[Collected data]
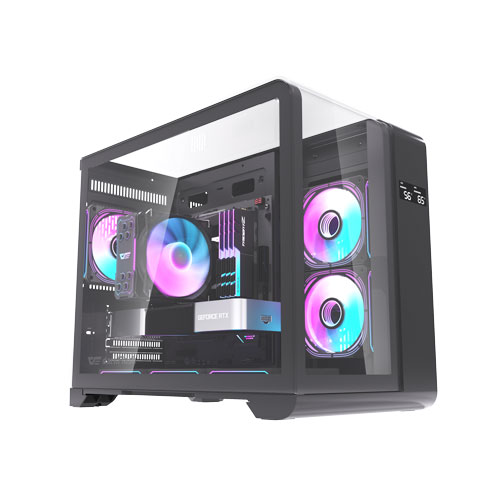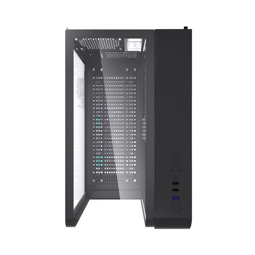 Vỏ case được cấu tạo từ kim loại chắc chắn, đi cùng mặt bên là kính cường lực trong suốt giúp phô diễn toàn bộ linh kiện bên trong. Kích thước tổng thể 443 x 280 x 440mm mang lại không gian thoải mái để build cấu hình cao cấp, đồng thời vẫn giữ được sự gọn gàng, tinh tế trên bàn làm việc hoặc trong không gian gaming chuyên nghiệp.
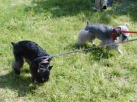 | 「りんくう鵜飼師きみさん」によるシュナ3犬遣い♪ ソルト&ペッパー色の3犬もそれぞれのカラー・・・ ソルトが多い(?!)ちえさん(あさとさん改め)ちのキャリーちゃん、 ペッパーが多い(?!)きみさんちのマックス君、 真ん中カラーのティキ・・・ |
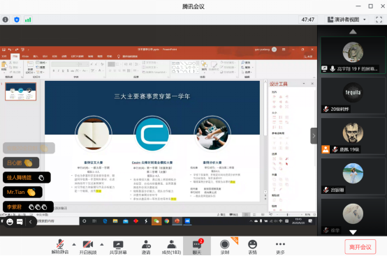 接下来是19级的“学霸”高翔宇学长为新生分别介绍了:案例征文大赛、Cesim尖峰时刻商业模拟大赛以及案例分析大赛的赛制与内容,同时也邀请新生积极参加比赛,为万象城·体育再创佳绩。
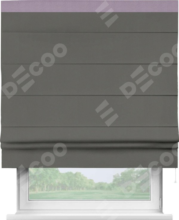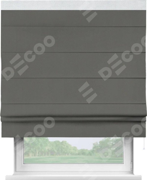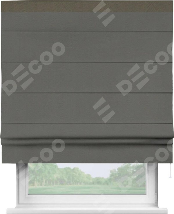 Римская штора производителя «Cortin», используется для проёма, пошита из ткани блэкаут однотонный тёмно-серый, артикул ткани 91570. Отделка шторы кантом «Кинг», ткань для канта используется из блэкаута однотонного разной расцветки на выбор. Имеет универсальный механизм и подходит для монтажа: на потолок, на стену и в нишу.
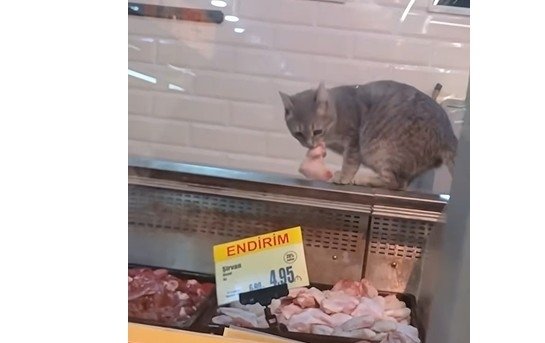 Sosial şəbəkələrdə yayılan görüntülərdə marketlərin ət və ət məhsulları şöbəsində satışa qoyulan ətlərin pişiklər tərəfindən yeyilməsi hər dəfə müzakirələrə yol açır.
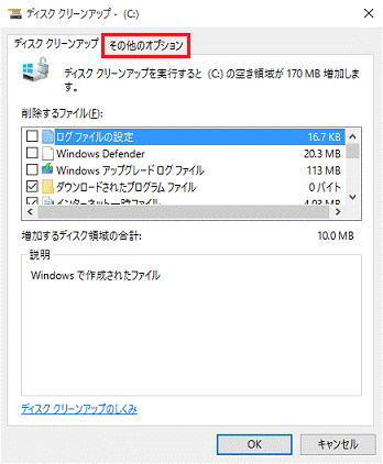 ディスククリーンアップでは、不要なファイルを削除し、ハードディスクの空き容量を増やします。
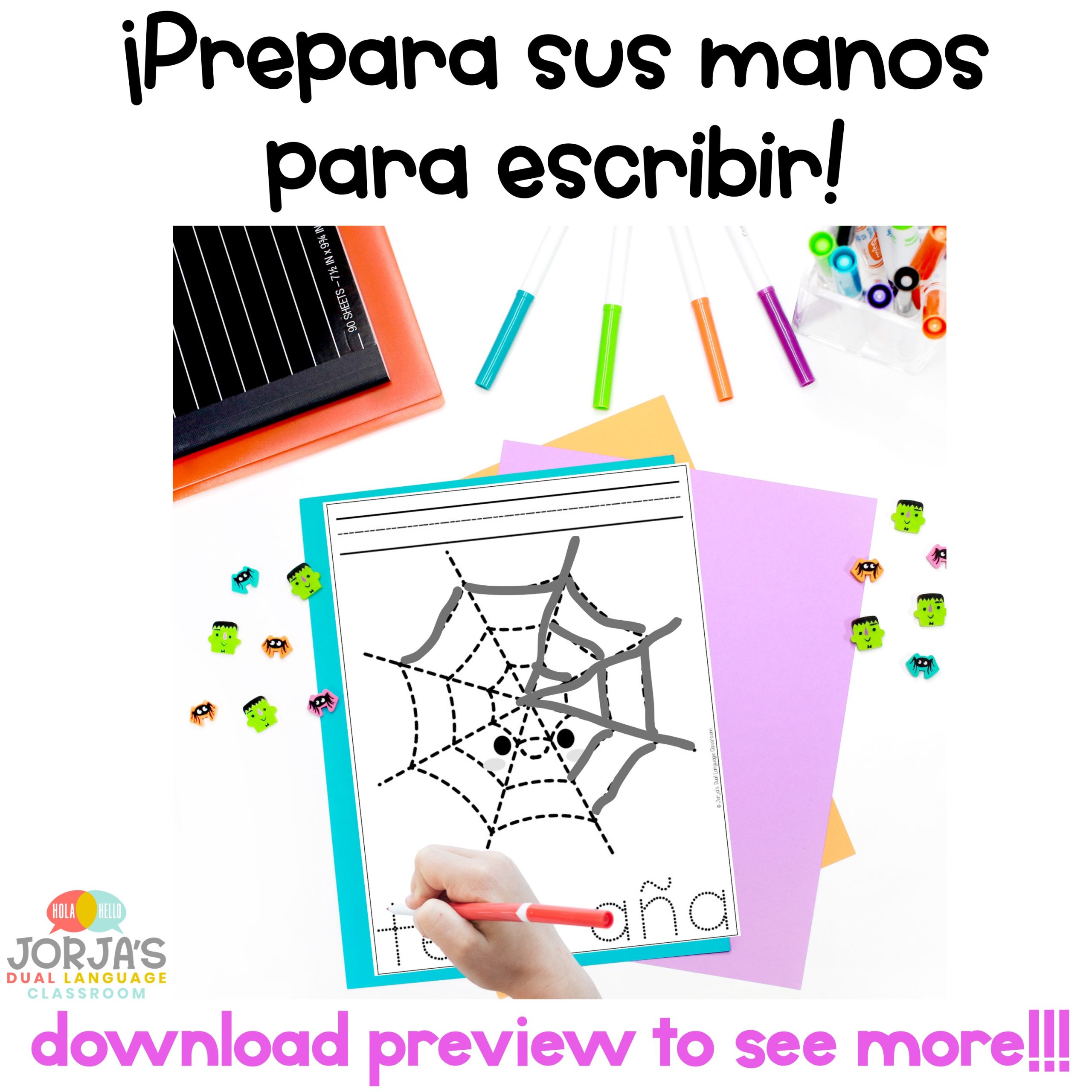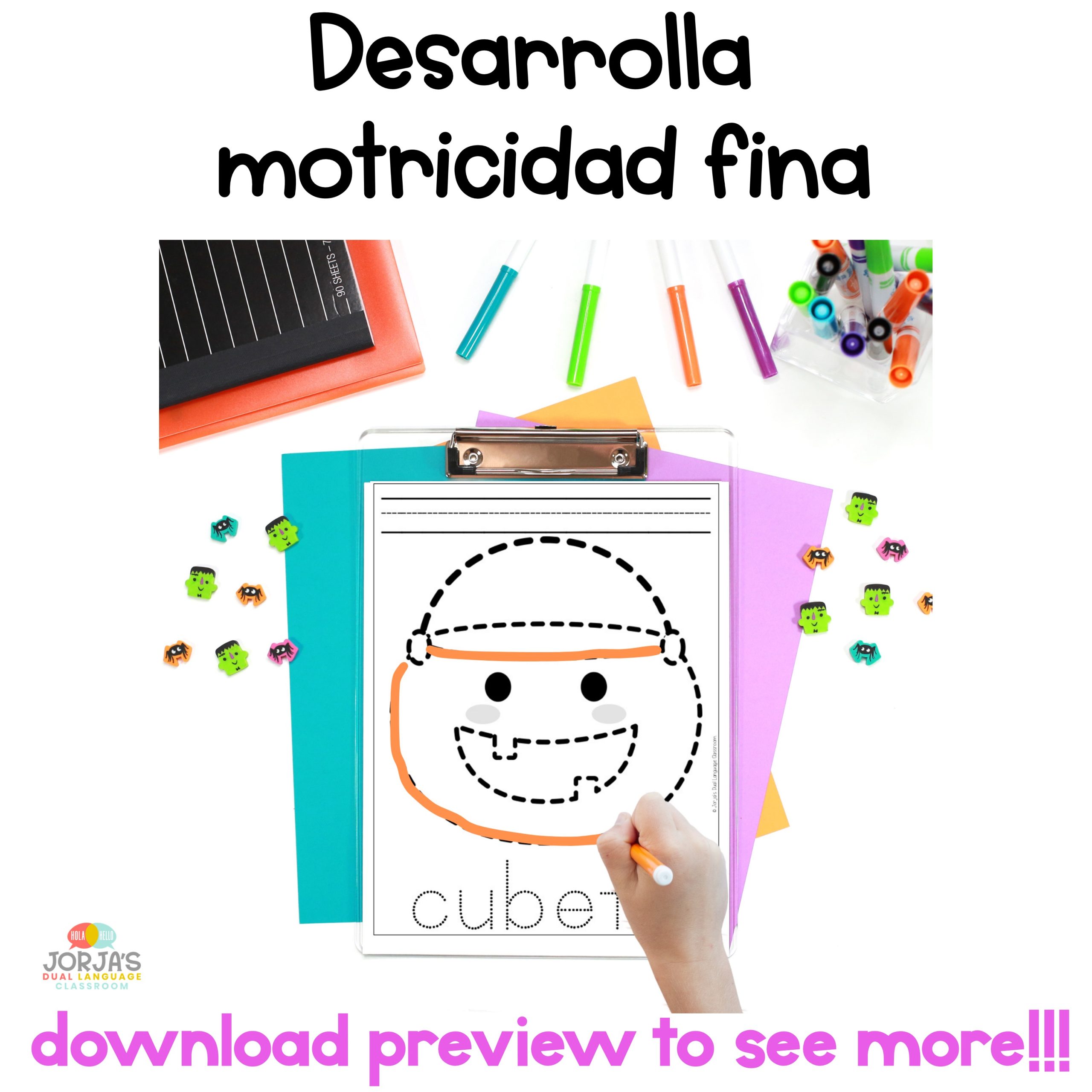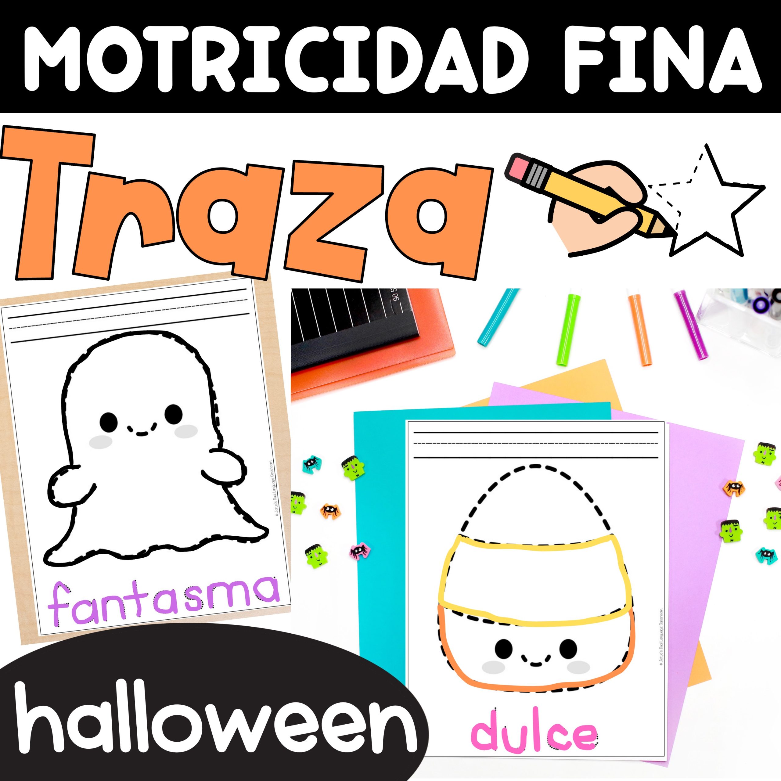Motricidad fina Traza Ejercicios Halloween in Spanish Fine Motor skills – Utiliza estas actividades de motricidad fina para desarrollar manos listas para escribir en tus estudiantes. Esta actividad ayudará a tus niños con el manejo del lápiz. ¡Puedes utilizar estas actividades para hacer del mes de Halloween aún más divertido!

◆ **BRIEF**: After removing the pictures, repeat the remaining records exactly.

◆ **RESPONSE TO THIS EXERCISE**:
 Vỏ case được cấu tạo từ kim loại chắc chắn, đi cùng mặt bên là kính cường lực trong suốt giúp phô diễn toàn bộ linh kiện bên trong. Kích thước tổng thể 443 x 280 x 440mm mang lại không gian thoải mái để build cấu hình cao cấp, đồng thời vẫn giữ được sự gọn gàng, tinh tế trên bàn làm việc hoặc trong không gian gaming chuyên nghiệp.
 | 「りんくう鵜飼師きみさん」によるシュナ3犬遣い♪ ソルト&ペッパー色の3犬もそれぞれのカラー・・・ ソルトが多い(?!)ちえさん(あさとさん改め)ちのキャリーちゃん、 ペッパーが多い(?!)きみさんちのマックス君、 真ん中カラーのティキ・・・ |
 接下来是19级的“学霸”高翔宇学长为新生分别介绍了:案例征文大赛、Cesim尖峰时刻商业模拟大赛以及案例分析大赛的赛制与内容,同时也邀请新生积极参加比赛,为万象城·体育再创佳绩。
 Римская штора производителя «Cortin», используется для проёма, пошита из ткани блэкаут однотонный тёмно-серый, артикул ткани 91570. Отделка шторы кантом «Кинг», ткань для канта используется из блэкаута однотонного разной расцветки на выбор. Имеет универсальный механизм и подходит для монтажа: на потолок, на стену и в нишу.
 Sosial şəbəkələrdə yayılan görüntülərdə marketlərin ət və ət məhsulları şöbəsində satışa qoyulan ətlərin pişiklər tərəfindən yeyilməsi hər dəfə müzakirələrə yol açır.
 ディスククリーンアップでは、不要なファイルを削除し、ハードディスクの空き容量を増やします。
Motricidad fina Traza Ejercicios Halloween in Spanish Fine Motor skills – Utiliza estas actividades de motricidad fina para desarrollar manos listas para escribir en tus estudiantes. Esta actividad ayudará a tus niños con el manejo del lápiz. ¡Puedes utilizar estas actividades para hacer del mes de Halloween aún más divertido!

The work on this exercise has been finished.